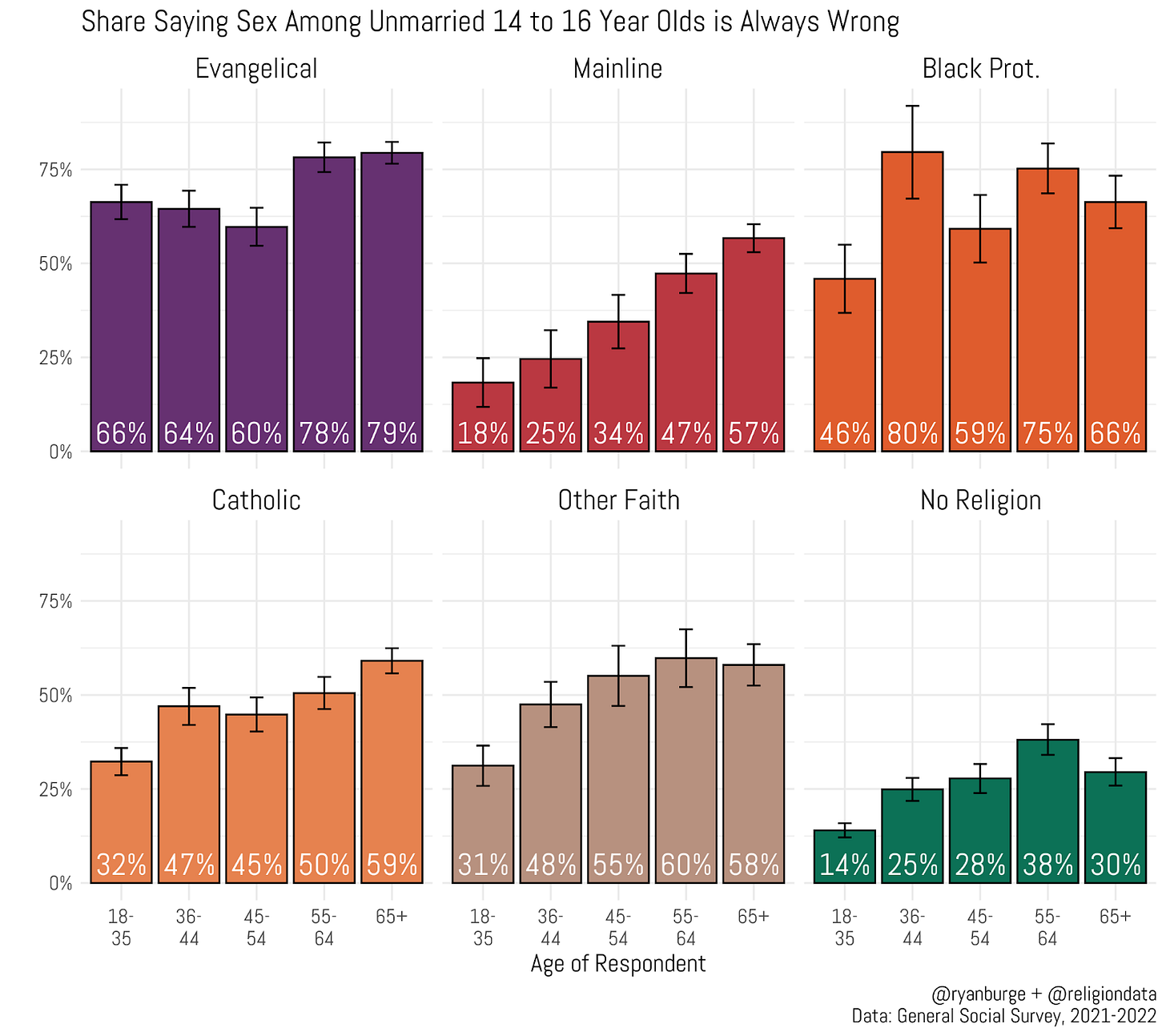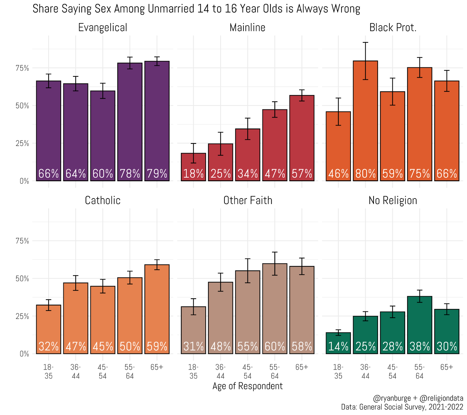 The data shows you can generally divide Christianity into two camps on this issue: Evangelicals and Black Protestants are in one group and mainline Protestants and Catholics are in the other. The age gap on this issue among evangelicals is really small. Among 18-35 year olds, 66% think that teen sex is always wrong. It’s 13 points higher among the oldest evangelicals. Among Black Protestants, the youngest cohort is probably an outlier because of a small sample size. I just don’t know if I see a clear trend line for this group.
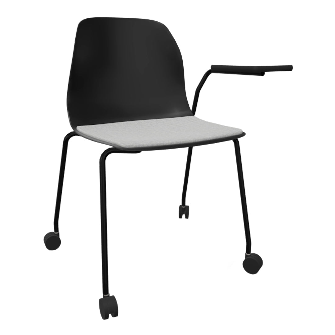 Questions about the Pelican 08 Chair - Left Fixed Tablet - 4 Leg, Black Lacquered Metal w/ Casters - Seat Upholstered?
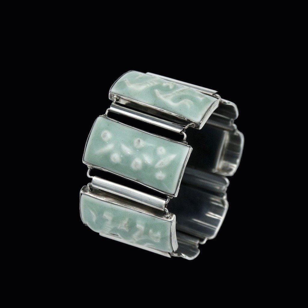 Jais Nielsen 1885-1961. Armbånd i sterling sølv med keramik med celadon glasur.

=======

## ASSIGNMENT
The job is to set down the whole listing exactly, excluding any images.

## ANSWER BELOW
 The data shows you can generally divide Christianity into two camps on this issue: Evangelicals and Black Protestants are in one group and mainline Protestants and Catholics are in the other. The age gap on this issue among evangelicals is really small. Among 18-35 year olds, 66% think that teen sex is always wrong. It’s 13 points higher among the oldest evangelicals. Among Black Protestants, the youngest cohort is probably an outlier because of a small sample size. I just don’t know if I see a clear trend line for this group.
 Questions about the Pelican 08 Chair - Left Fixed Tablet - 4 Leg, Black Lacquered Metal w/ Casters - Seat Upholstered?
 Jais Nielsen 1885-1961. Armbånd i sterling sølv med keramik med celadon glasur.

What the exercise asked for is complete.